**Provided data:**
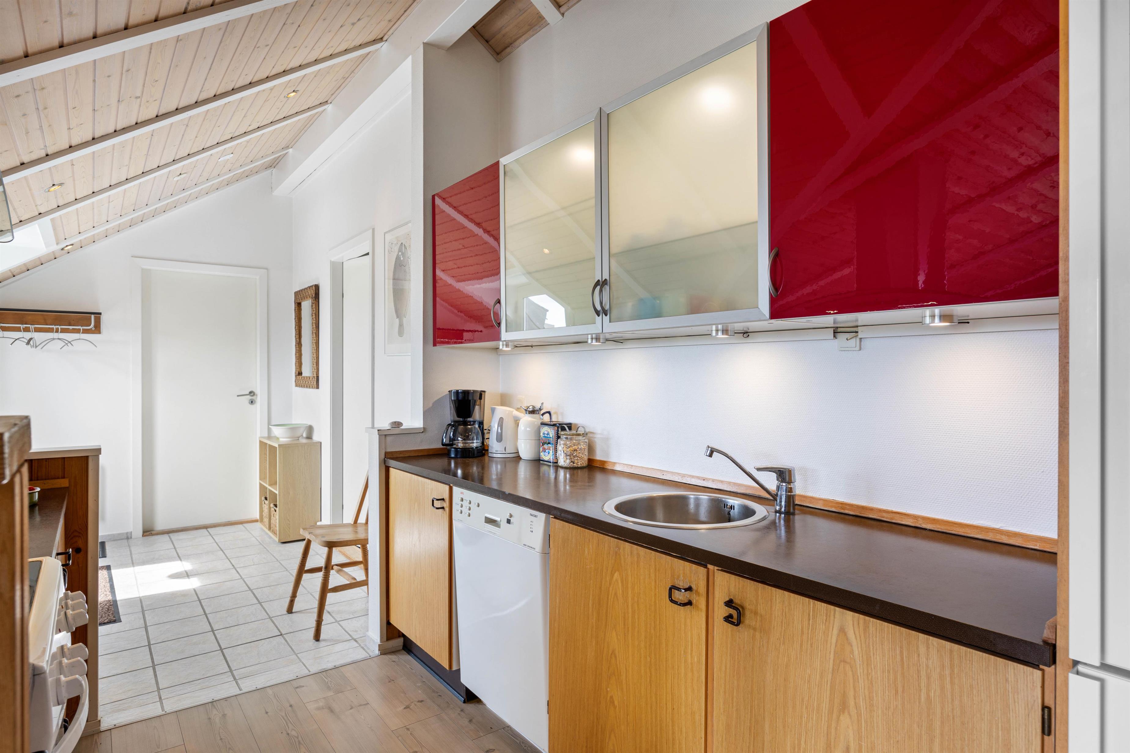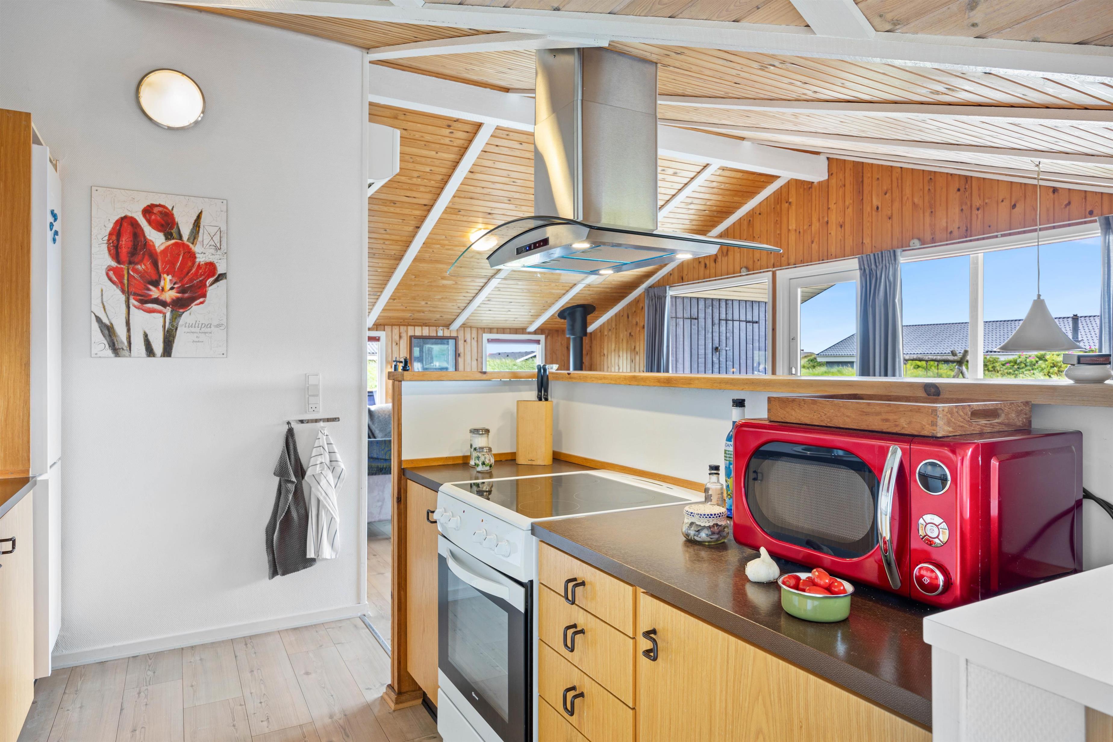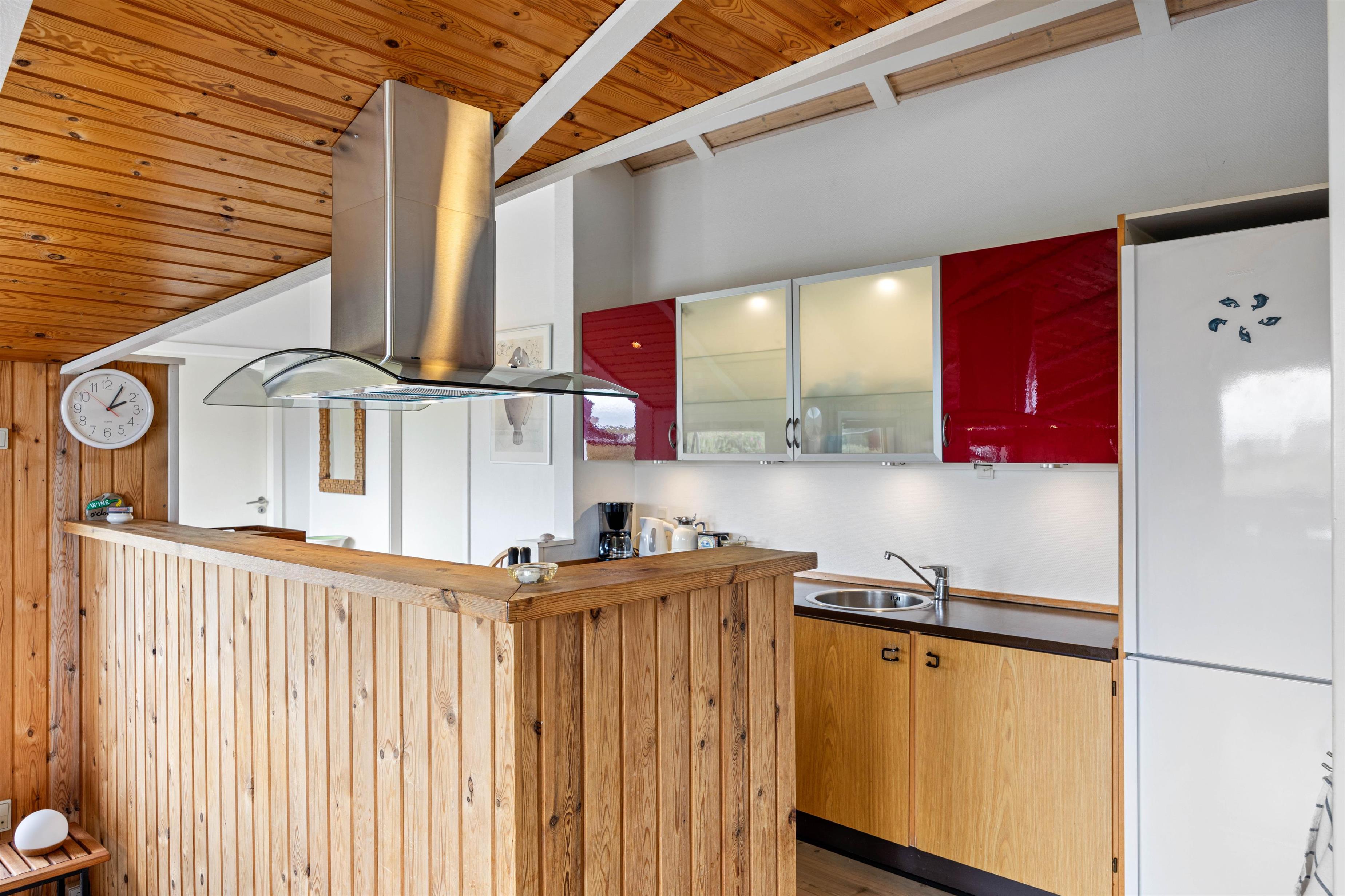 Køkkenet med opvaskemaskine og en separat fryser på 84 liter er åbent i forbindelse med spiseområdet og sofagruppen, så her kan alle have forskellige beskæftigelser, mens I alligevel er i kontakt med hinanden. Nyd varmen fra ilden i brændeovnen på kølige dage eller i aftentimerne. Den omkostnings- og energibesparende varmepumpe giver hurtigt en tilpas temperatur i sommerhuset.
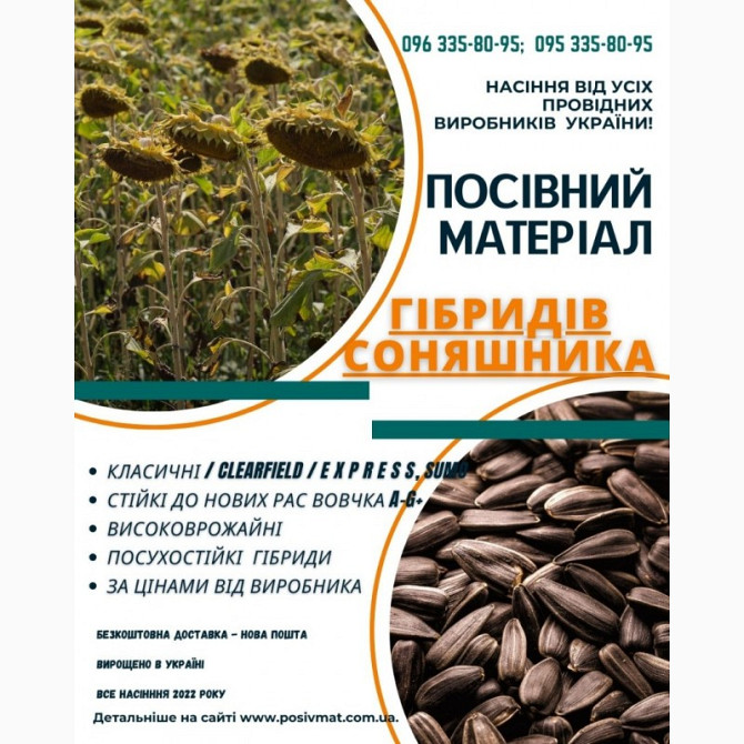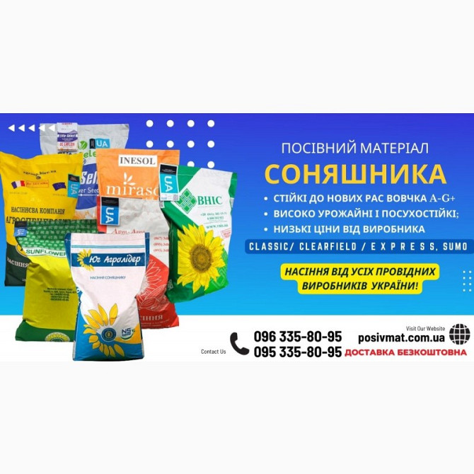 Пропонуємо насіння соняшнику для посівного сезону 2021 року за доступною ціною та з гарантією якості. Наш асортимент включає в себе різноманітні гібриди соняшнику, які відповідають різним вимогам та умовам вирощування. Нижче наведено деякі з наших гібридів: 1. Гібриди соняшнику під Експрес: -...
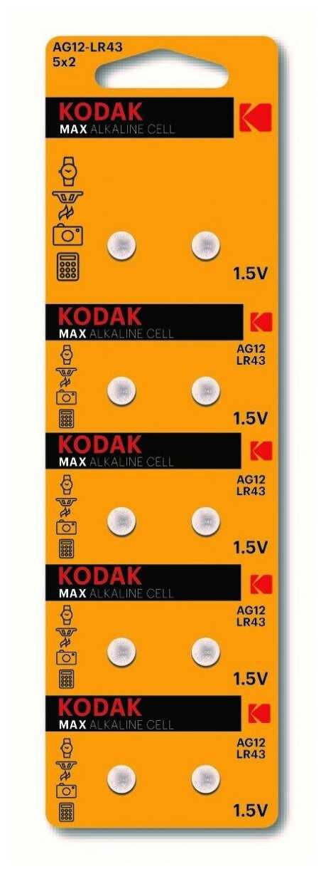 Лучшие цены сегодня на Kodak LR43 (LR1142, V13GA, AG12, G12, RW84) 10 шт

**What you need to do:**
The listing should be transcribed exactly. No picture is to appear in the transcription.

**Result of the exercise:**
 Køkkenet med opvaskemaskine og en separat fryser på 84 liter er åbent i forbindelse med spiseområdet og sofagruppen, så her kan alle have forskellige beskæftigelser, mens I alligevel er i kontakt med hinanden. Nyd varmen fra ilden i brændeovnen på kølige dage eller i aftentimerne. Den omkostnings- og energibesparende varmepumpe giver hurtigt en tilpas temperatur i sommerhuset.
 Пропонуємо насіння соняшнику для посівного сезону 2021 року за доступною ціною та з гарантією якості. Наш асортимент включає в себе різноманітні гібриди соняшнику, які відповідають різним вимогам та умовам вирощування. Нижче наведено деякі з наших гібридів: 1. Гібриди соняшнику під Експрес: -...
 Лучшие цены сегодня на Kodak LR43 (LR1142, V13GA, AG12, G12, RW84) 10 шт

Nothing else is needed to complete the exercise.